(STUDY MATERIAL)
***

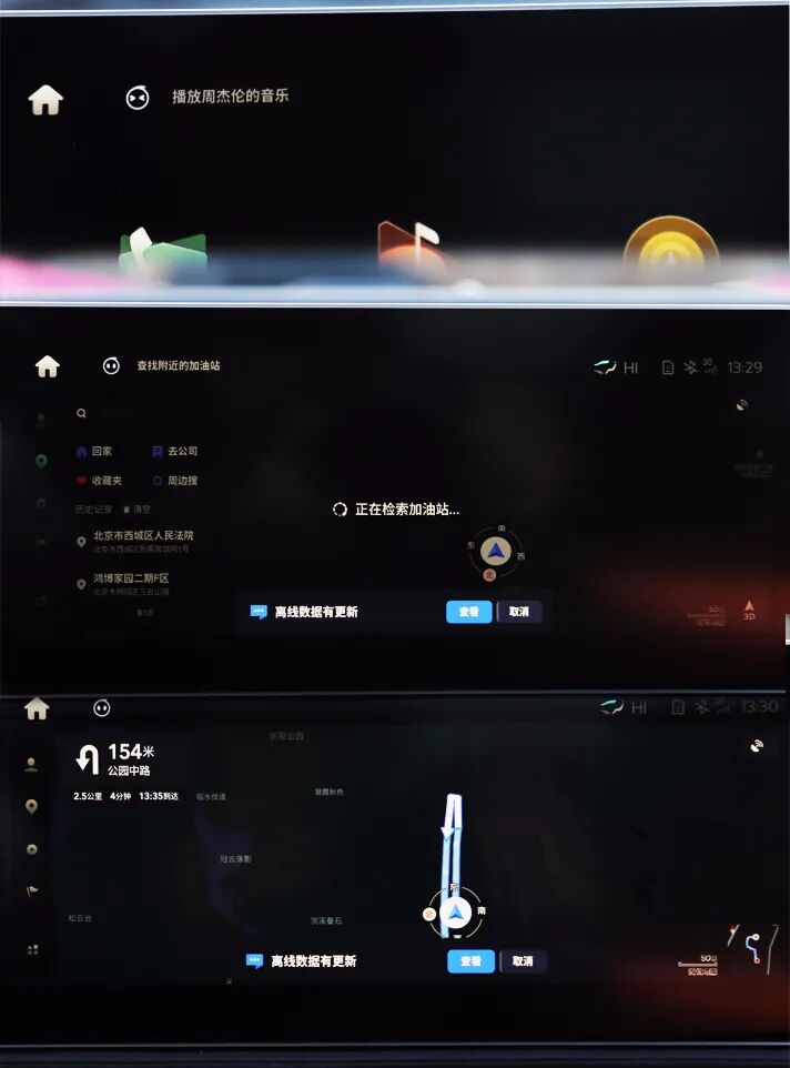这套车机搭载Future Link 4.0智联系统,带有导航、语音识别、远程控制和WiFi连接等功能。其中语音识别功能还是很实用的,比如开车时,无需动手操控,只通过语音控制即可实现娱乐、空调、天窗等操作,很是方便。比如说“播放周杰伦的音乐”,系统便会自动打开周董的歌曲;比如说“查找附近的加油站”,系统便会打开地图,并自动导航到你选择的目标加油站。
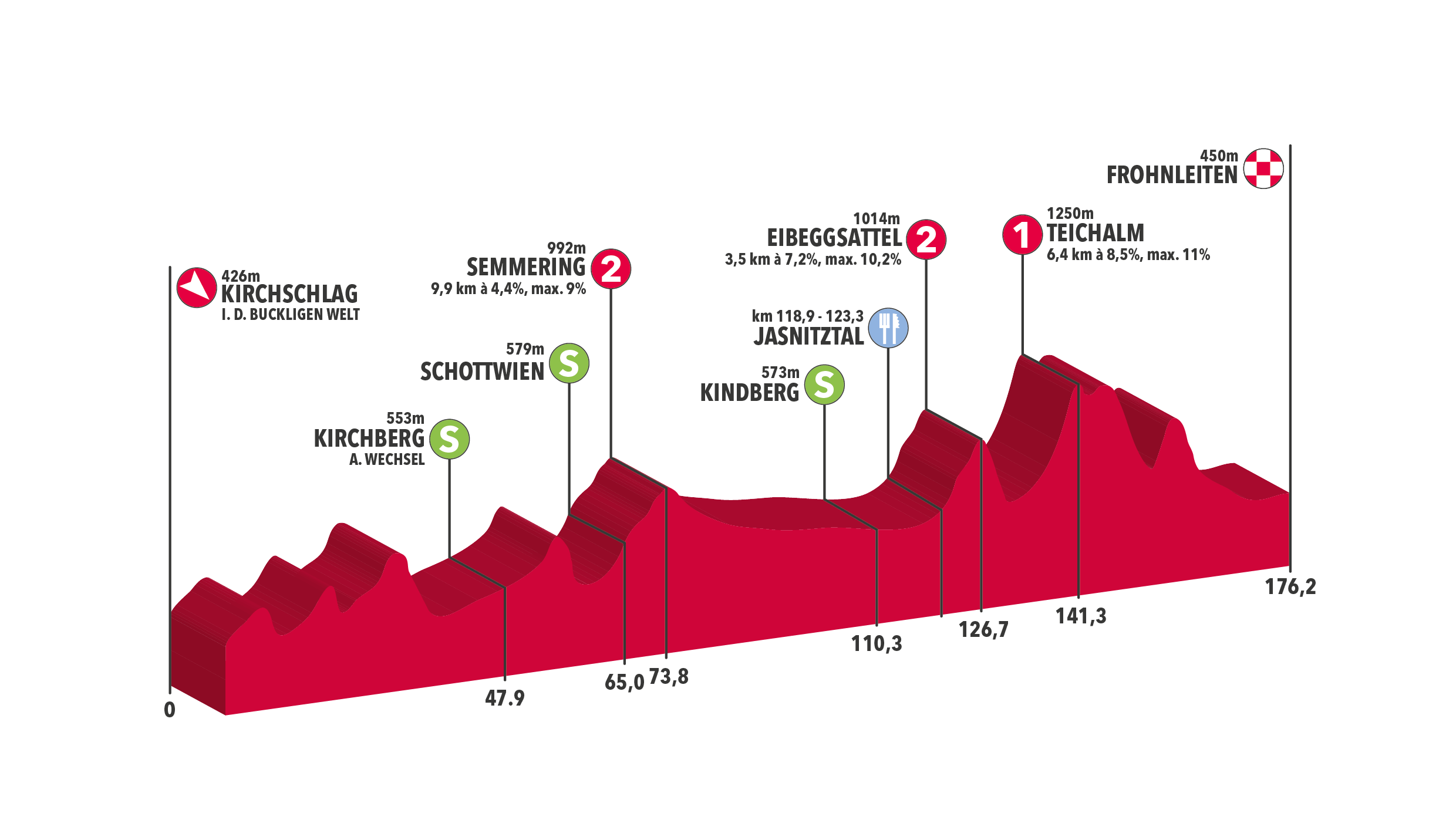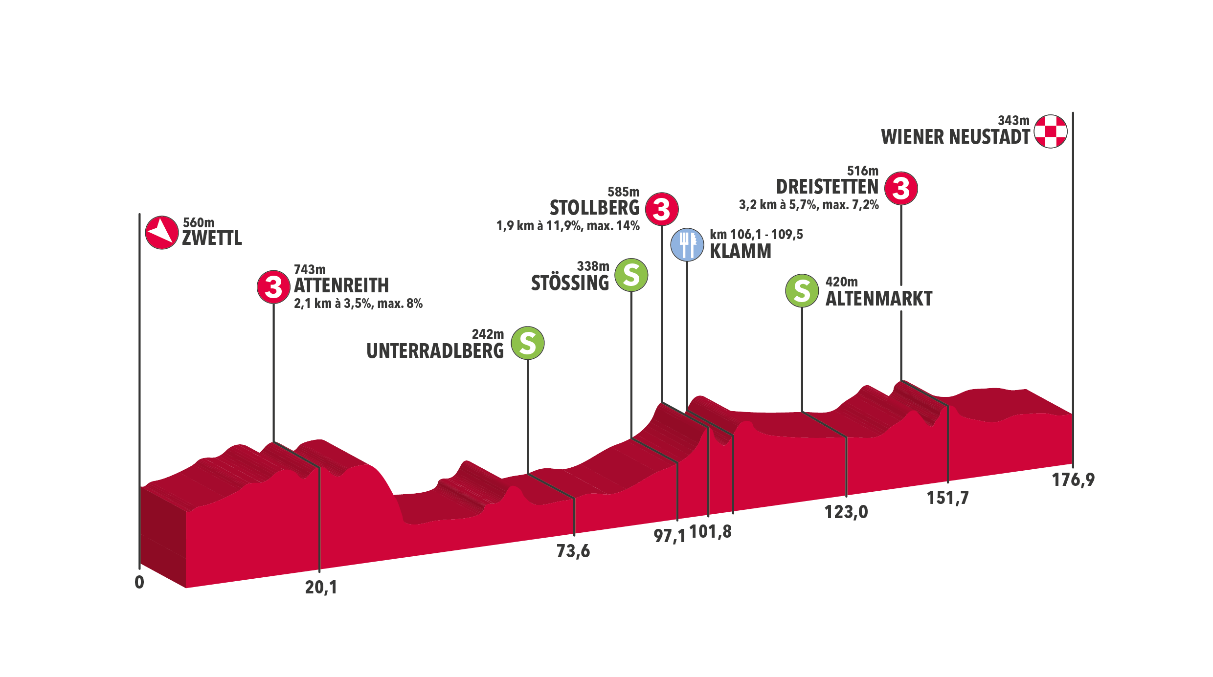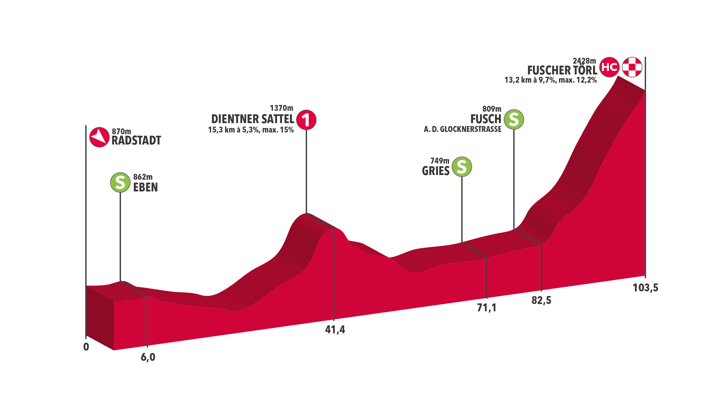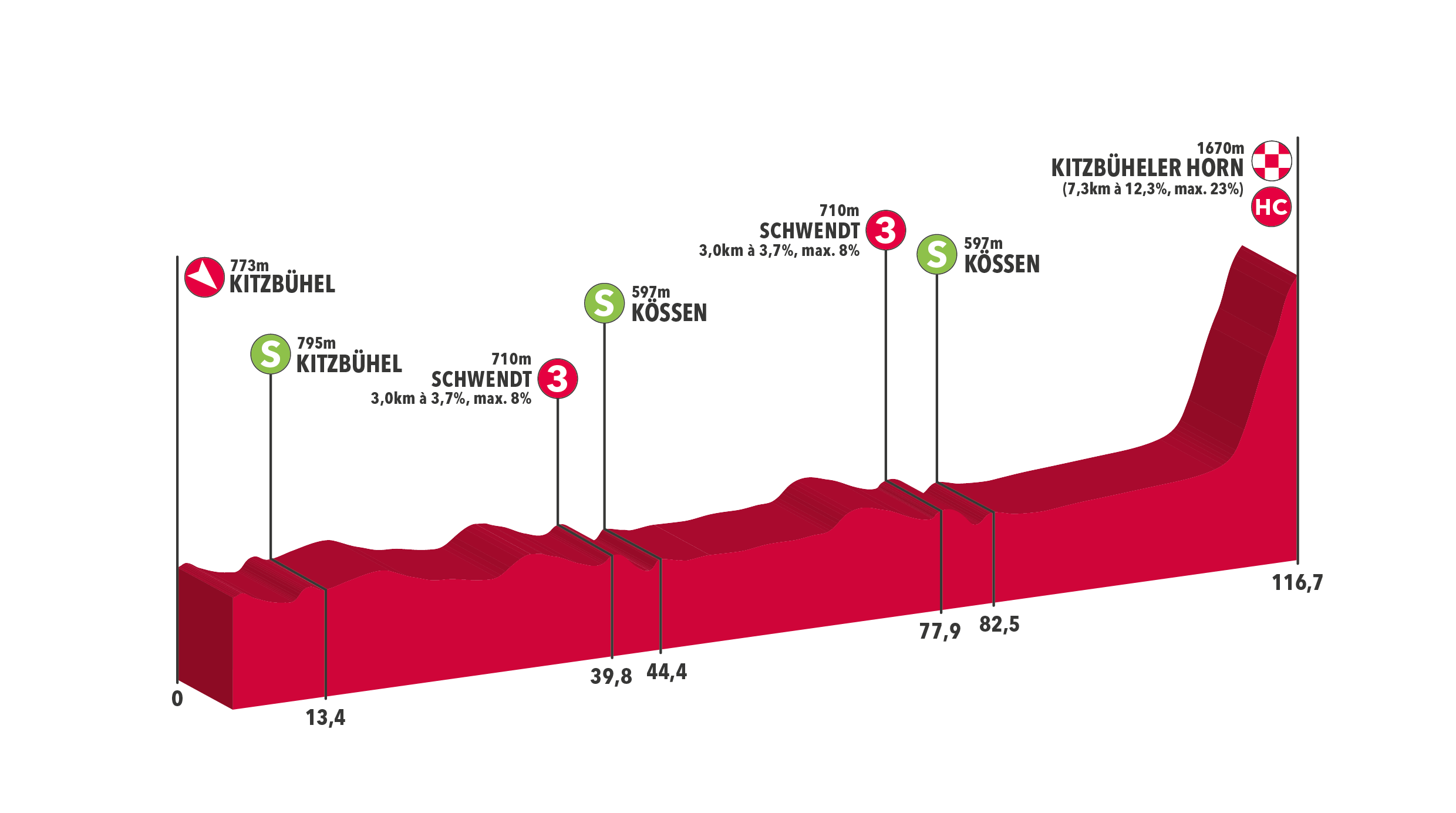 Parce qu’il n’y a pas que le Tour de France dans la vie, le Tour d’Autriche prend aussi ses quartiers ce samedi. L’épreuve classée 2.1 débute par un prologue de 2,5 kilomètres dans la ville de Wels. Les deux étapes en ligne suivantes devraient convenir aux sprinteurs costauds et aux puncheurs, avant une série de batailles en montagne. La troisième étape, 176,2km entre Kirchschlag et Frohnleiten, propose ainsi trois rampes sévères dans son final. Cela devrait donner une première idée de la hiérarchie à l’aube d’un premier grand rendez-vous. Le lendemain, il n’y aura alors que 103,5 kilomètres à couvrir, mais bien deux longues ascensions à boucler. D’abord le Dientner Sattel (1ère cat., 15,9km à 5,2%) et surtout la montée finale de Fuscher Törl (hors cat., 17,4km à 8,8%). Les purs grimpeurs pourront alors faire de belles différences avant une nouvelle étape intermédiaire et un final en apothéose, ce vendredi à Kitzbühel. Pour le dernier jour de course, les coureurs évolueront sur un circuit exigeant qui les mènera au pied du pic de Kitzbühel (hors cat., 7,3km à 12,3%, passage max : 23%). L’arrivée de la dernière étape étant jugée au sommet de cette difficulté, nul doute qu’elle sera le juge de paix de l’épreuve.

***

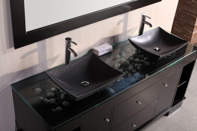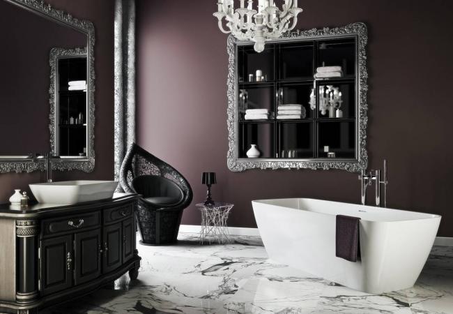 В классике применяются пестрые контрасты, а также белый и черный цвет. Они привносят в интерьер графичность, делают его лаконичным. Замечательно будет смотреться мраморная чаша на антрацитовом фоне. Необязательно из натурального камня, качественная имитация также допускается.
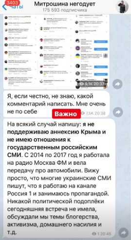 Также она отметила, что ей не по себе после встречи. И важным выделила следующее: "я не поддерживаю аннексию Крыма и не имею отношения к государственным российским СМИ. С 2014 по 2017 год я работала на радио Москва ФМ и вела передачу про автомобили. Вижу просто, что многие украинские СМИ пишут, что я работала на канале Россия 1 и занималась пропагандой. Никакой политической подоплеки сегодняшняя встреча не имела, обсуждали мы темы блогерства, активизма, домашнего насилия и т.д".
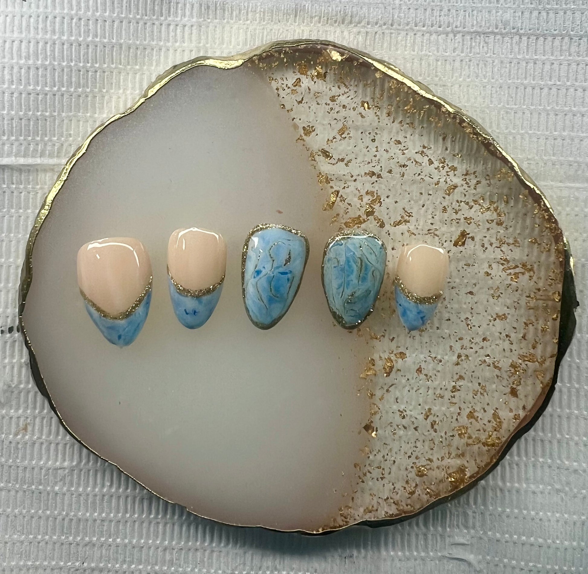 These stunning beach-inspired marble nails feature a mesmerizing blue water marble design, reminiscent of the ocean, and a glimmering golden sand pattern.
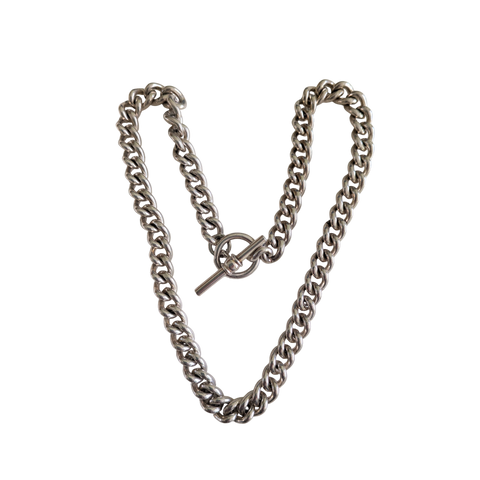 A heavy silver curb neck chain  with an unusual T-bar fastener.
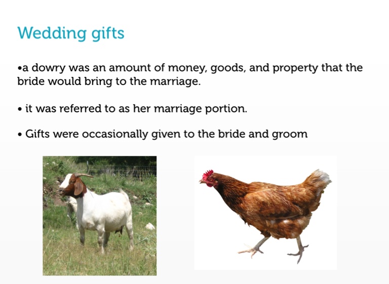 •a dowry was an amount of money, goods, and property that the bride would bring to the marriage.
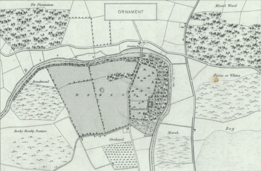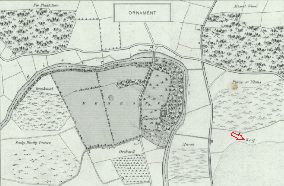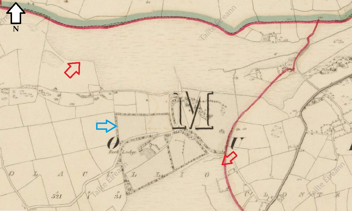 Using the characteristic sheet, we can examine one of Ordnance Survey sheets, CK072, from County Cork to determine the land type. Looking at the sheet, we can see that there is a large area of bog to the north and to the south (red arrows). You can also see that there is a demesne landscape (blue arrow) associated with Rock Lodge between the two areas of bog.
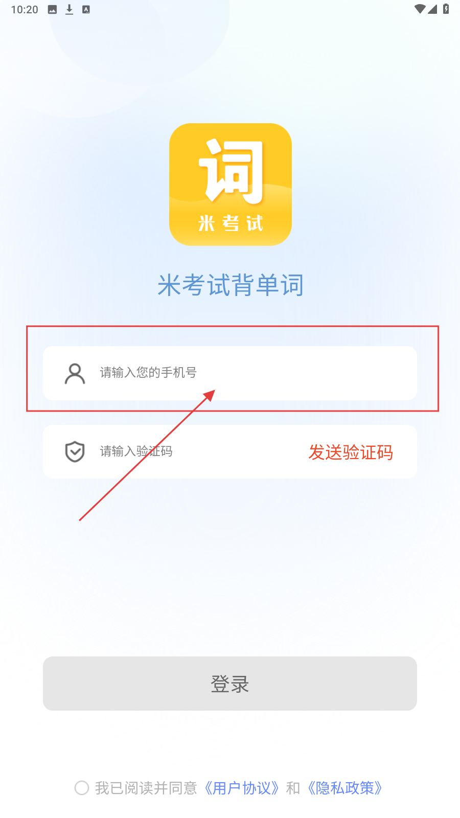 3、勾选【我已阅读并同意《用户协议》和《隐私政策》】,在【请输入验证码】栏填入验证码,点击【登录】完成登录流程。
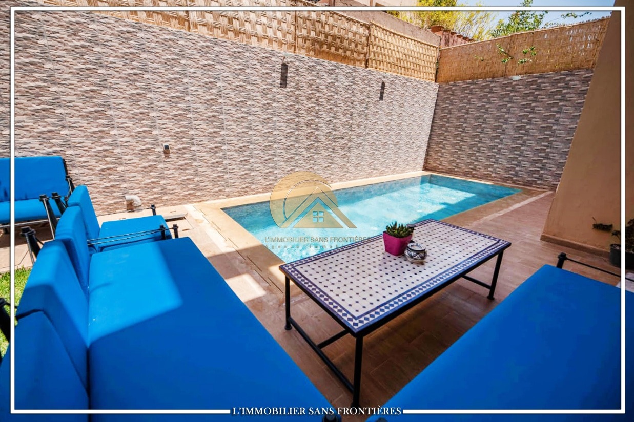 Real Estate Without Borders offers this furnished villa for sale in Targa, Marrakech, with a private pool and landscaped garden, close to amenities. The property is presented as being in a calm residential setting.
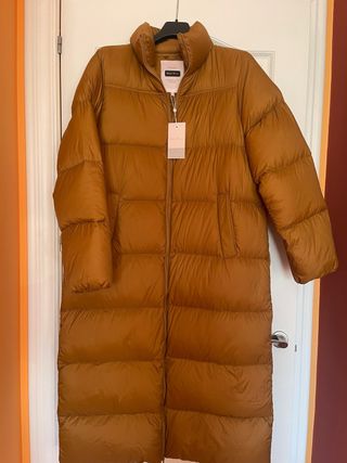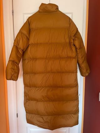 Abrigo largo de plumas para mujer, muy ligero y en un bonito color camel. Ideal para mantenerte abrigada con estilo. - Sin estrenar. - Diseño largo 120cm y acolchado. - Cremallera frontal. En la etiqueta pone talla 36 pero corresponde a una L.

***

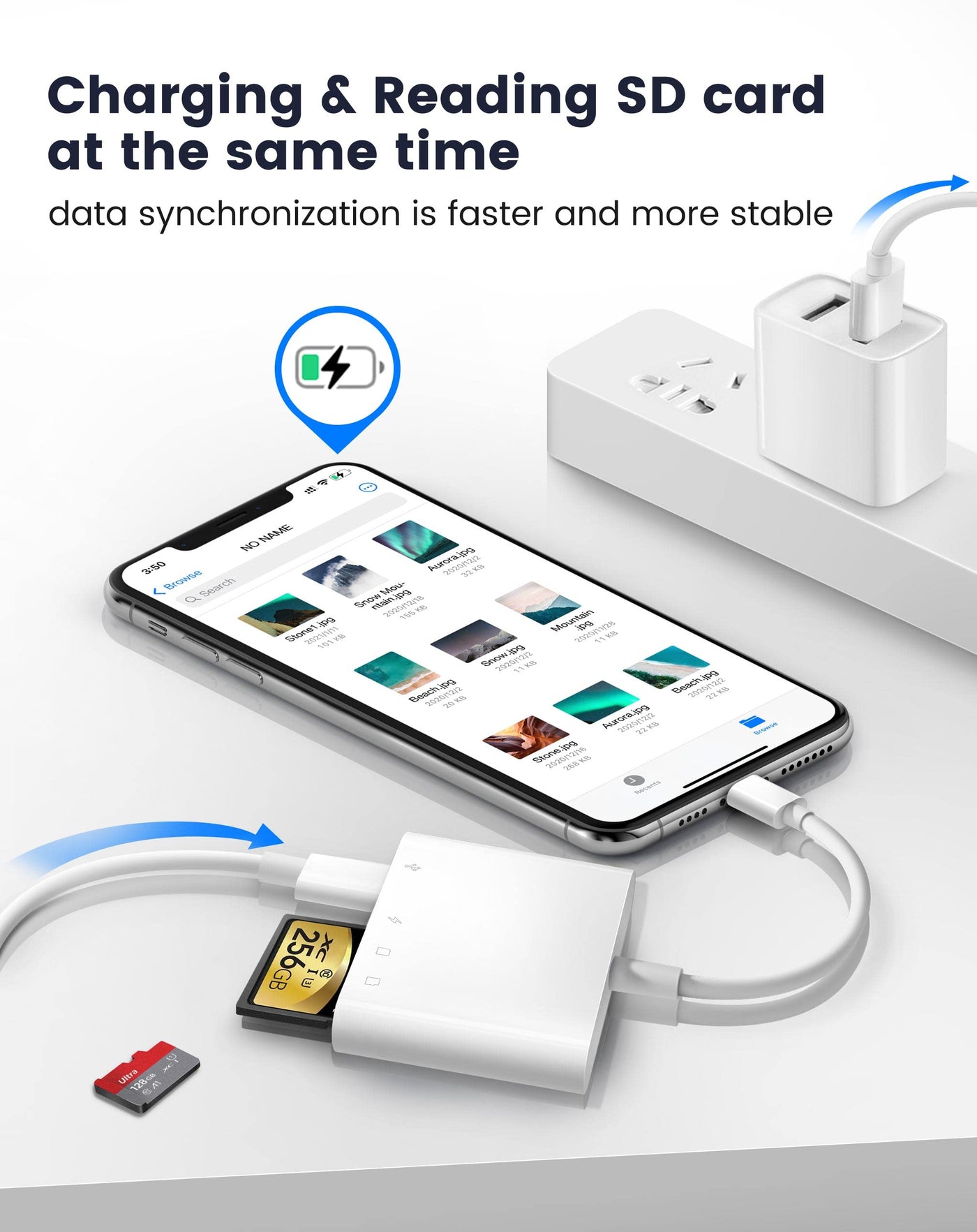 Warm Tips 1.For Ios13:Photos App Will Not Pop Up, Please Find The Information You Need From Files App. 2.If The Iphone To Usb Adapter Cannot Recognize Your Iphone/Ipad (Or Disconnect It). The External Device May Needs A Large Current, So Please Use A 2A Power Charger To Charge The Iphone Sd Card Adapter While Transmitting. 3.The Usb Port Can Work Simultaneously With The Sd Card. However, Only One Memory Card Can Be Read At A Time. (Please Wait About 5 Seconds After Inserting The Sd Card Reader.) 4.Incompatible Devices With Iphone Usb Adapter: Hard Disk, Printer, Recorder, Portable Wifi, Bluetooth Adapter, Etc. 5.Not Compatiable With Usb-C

***

(TASK TO COMPLETE) Only the lines between the one with "Using the characteristic" and the one with "Abrigo largo de", those two included, get copied from the material above. Keep it exact and free of pictures.

(ANSWER)
 Using the characteristic sheet, we can examine one of Ordnance Survey sheets, CK072, from County Cork to determine the land type. Looking at the sheet, we can see that there is a large area of bog to the north and to the south (red arrows). You can also see that there is a demesne landscape (blue arrow) associated with Rock Lodge between the two areas of bog.
 3、勾选【我已阅读并同意《用户协议》和《隐私政策》】,在【请输入验证码】栏填入验证码,点击【登录】完成登录流程。
 Real Estate Without Borders offers this furnished villa for sale in Targa, Marrakech, with a private pool and landscaped garden, close to amenities. The property is presented as being in a calm residential setting.
 Abrigo largo de plumas para mujer, muy ligero y en un bonito color camel. Ideal para mantenerte abrigada con estilo. - Sin estrenar. - Diseño largo 120cm y acolchado. - Cremallera frontal. En la etiqueta pone talla 36 pero corresponde a una L.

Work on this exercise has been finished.